Deep Learning in Python

So maybe after reading some of my past posts, you are fired up to start programming a deep neural network in Python. How should you get started?

If you want to be able to run anything but the simplest neural networks on easy problems, you will find that since pure Python is an interpreted language, it is too slow. Does that mean we have to give up and write our own C++ code? Luckily GPUs and other programmers come to your rescue by offering between 5-100X speedup (I would estimate my average speedup at 10X, but it varies for specific tasks).
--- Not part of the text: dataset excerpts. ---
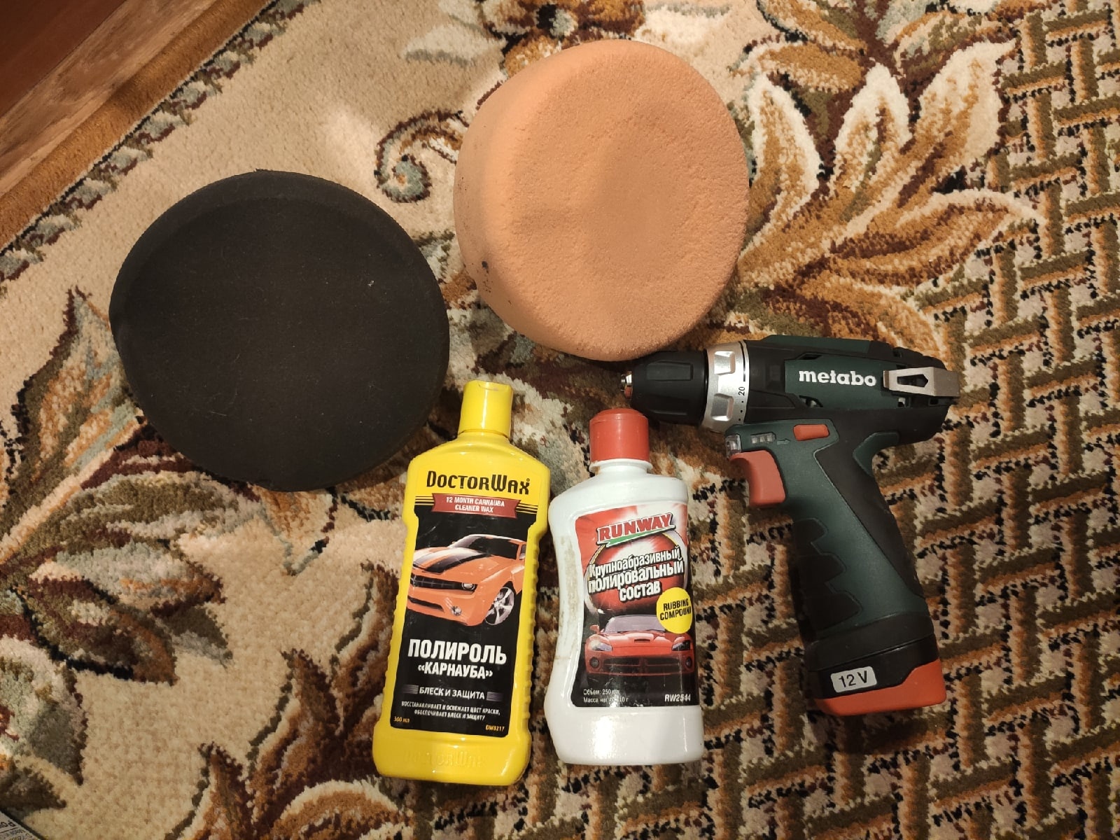 Дальше черед полировки. Полировал двумя поролоновыми кругами автомобильными полиролями с помощью шуруповерта.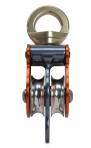 The larger sized Prusik-minding pulley (PMP) Swivel 2.6 is ideal for industrial rescue use where maximum pulley efficiency and strength is important. The rotating swivel aligns the rope with the direction of the pull. By combining the swivel with the pulley, overall system length is minimized, increasing travel. The patented pivoting side plate allows the rope to be quickly inserted. Prusik-minding side plate opens without having to disconnect the pulley from the anchor.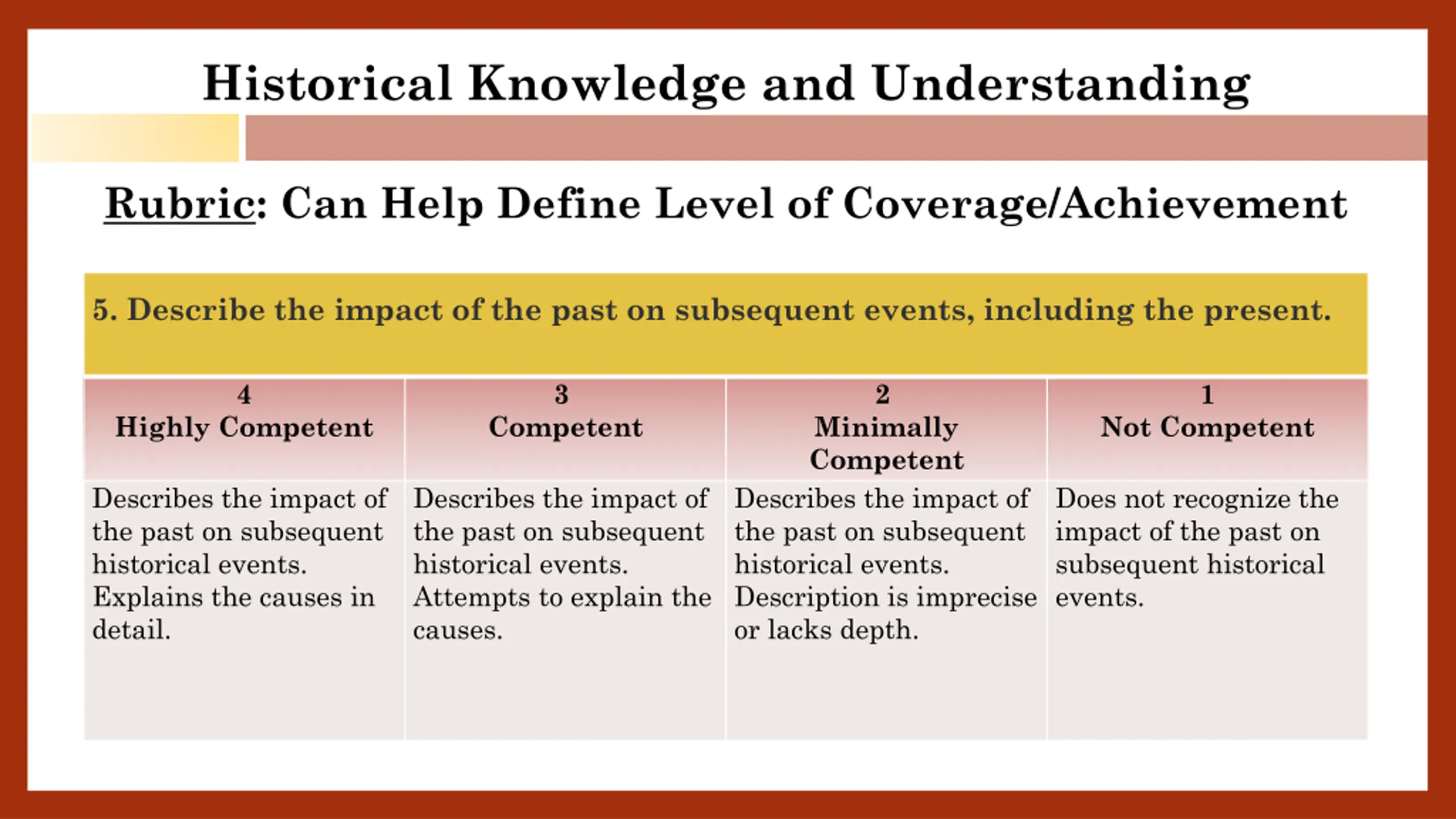 Historical Knowledge and Understanding Rubric: Can Help Define Level of Coverage/Achievement 5. Describe the impact of the past on subsequent events, including the present. 4 3 2 1 Highly Competent Competent Minimally Competent Describes the impact of the past on subsequent historical events. Description is imprecise or lacks depth. Not Competent Describes the impact of the past on subsequent historical events. Explains the causes in detail. Describes the impact of the past on subsequent historical events. Attempts to explain the causes. Does not recognize the impact of the past on subsequent historical events.

There are two main Python packages, Theano and TensorFlow, that are designed to let you write Python code that can either run on a CPU or a GPU. In essence, they are each their own mini-language with the following changes from standard Python:

  • Tensors (generalizations of matrices) are the primary variable type and treated as abstract mathematical objects (don’t need to specify actual values immediately).
  • Computational graphs are utilized to organize operations on the tensors.
  • When one wants to actually evaluate the graph on some data, it is stored in a shared variable that when possible gets sent to the GPU. This data is then processed by the graph (in place of the original tensor placeholders).
  • Automatic differentiation (ie it understands derivatives symbolically).
  • Built in numerical optimizations.

So to get started you will want to install either Theano (pip install theano), TensorFlow (details here), or both. I personally have only used Theano, but if Google keeps up the developmental progress of TensorFlow, I may end up switching to it.

At the end of the day, that means that if one wants to actually implement neural networks in Theano or TensorFlow, you essentially will learn another language. However, people have built various libraries that are abstractions on top of these mini-languages. Lasagne is one example that basically organizes Theano code so that you have to interact less with Theano, but you will still need to understand Theano. I initially started with Theano and Lasagne, but I am now a convert to Keras.

Instead, I advocate for Keras (pip install keras) for two major reasons:

  1.  High level abstraction. You can write standard Python code and get a deep neural network up and running very quickly.
  2. Back-end agnostic. Keras can run on either Theano or TensorFlow.

So it seems like a slam dunk right? Unfortunately life is never that simple, instead there are two catches:

  1. Mediocre documentation (using Numpy as a gold standard, or even comparing to Lasagne). You can get the standard things up and running based on theirs docs. But if you want to do anything advanced, you will find yourself looking into their source code on GitHub, which has some hidden, but useful, comments.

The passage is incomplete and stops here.